I don’t often read poetry on an airplane. When I do read, I prefer it to be in the air, when I’m not impatient for take-off. On board a Norwegian flight headed to London, taxing for nearly an hour on the congested tarmac, I broke both habits. My wife, lying beside me, requested a poem, so aloud I read the first, a poem titled, “As One Put Drunk Into the Packet-Boat,” suitable, we discovered, for a red-eye airborne voyage:

Versions of cities flattened under the equalizing night.

The summer demands and takes away too much,

But night, the reserved, the reticent, gives more than it takes.

I finished the poem and noticed that the man sitting across the aisle from me was looking in my general direction and nodding his head. “Who wrote that?” he asked. I showed him the book. The man said John Ashbery’s name aloud as if committing it to memory. But I didn’t get a chance to further conversation — the plane kicked into high gear and within seconds we were over a flattened New York. When I turned back to the man, he put his earplugs in and was tapping on the monitor embedded in the seat in front of him. I continued reading.

In a plane, one is left almost entirely to the mind. Time does not noticeably pass, the body is made to move without exerting any mobility. People speak in hushed tones, watch movies or, less often, read novels. The interruptions, when they do come, are anticipated. The periodic bathroom visit. The crawl of the drink cart. Revisiting Self-Portrait on a Convex Mirror enhanced this environment into a laboratory of the mundane. Where else to consider the checkered outfits of the stewards, the rows of lolling heads, a Hasidic group praying in the corner only to be ordered by the pilot over loudspeaker back to their seats.

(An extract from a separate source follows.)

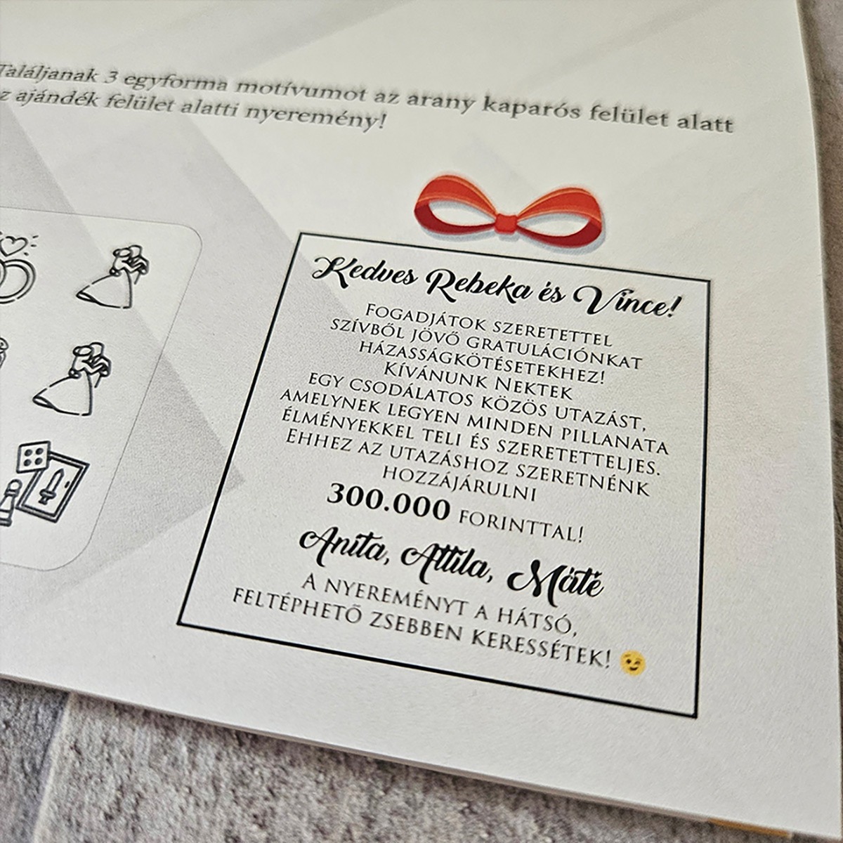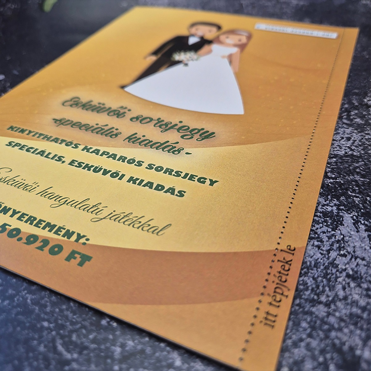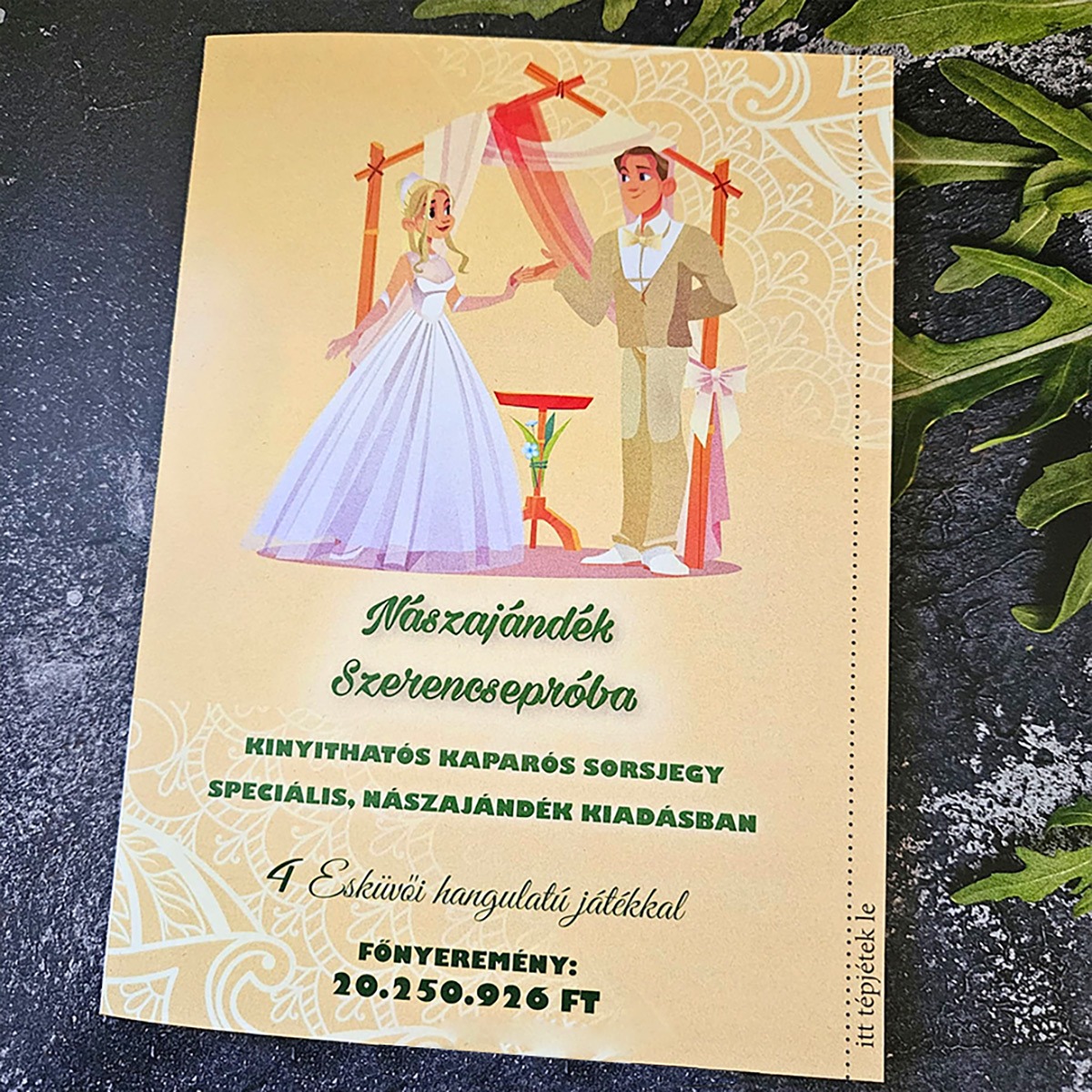 Felejtsd el az unalmas, fehér borítékokat! Ha valami igazán kreatívval rukkolnál elő egy esküvőn, kerek születésnapon vagy ballagáson, ez az A4-es méretű, kinyitható óriás sorsjegy lesz a legjobb választásod. Ez a különleges, kézzel készített technika és a valósághű kaparós felület kombinációja – olyasmi, amit csak nálunk találsz meg! 🎫✨

I felt that I had stumbled upon that feeling Ashbery must have experienced daily. Not so much noticing the poetry in everything, but finding it impossible to ignore. Couldn’t disembark from the poetic. As he wrote in “Grand Galop”:

As long as one has some sense that each thing knows its

place

All is well, but with the arrival and departure

Of each new one overlapping so intensely in the semi-darkness

It’s a bit mad.

And so I sat there, letting these subtle stimuli overlap, until I got to the last poem, the title poem and an eponymous reference to, and meditation on, the painting by the Italian Renaissance artist Parmigianino. The edition I was reading from used the work as its cover image, and as Ashbery examined “the right hand / Bigger than the head / thrust at the viewer” I too flipped between poem and image. “Ekphrasis” is word defined as a poetic description of a work of art, and this is the word that came to mind after I clicked on the map and spotted the little plane icon: somewhere over the Eastern flank of Newfoundland, I was reading an ekphrastic masterpiece appreciating a painted one. When I finished, most of the cabin was asleep and I let the experience seep in. When I again checked our flight status, I spotted us in the vicinity of Greenland’s southern shore. Then I flipped off the screen and was left staring at my own reflection: a man sitting on a plane; a passenger from one part of the world heading to another.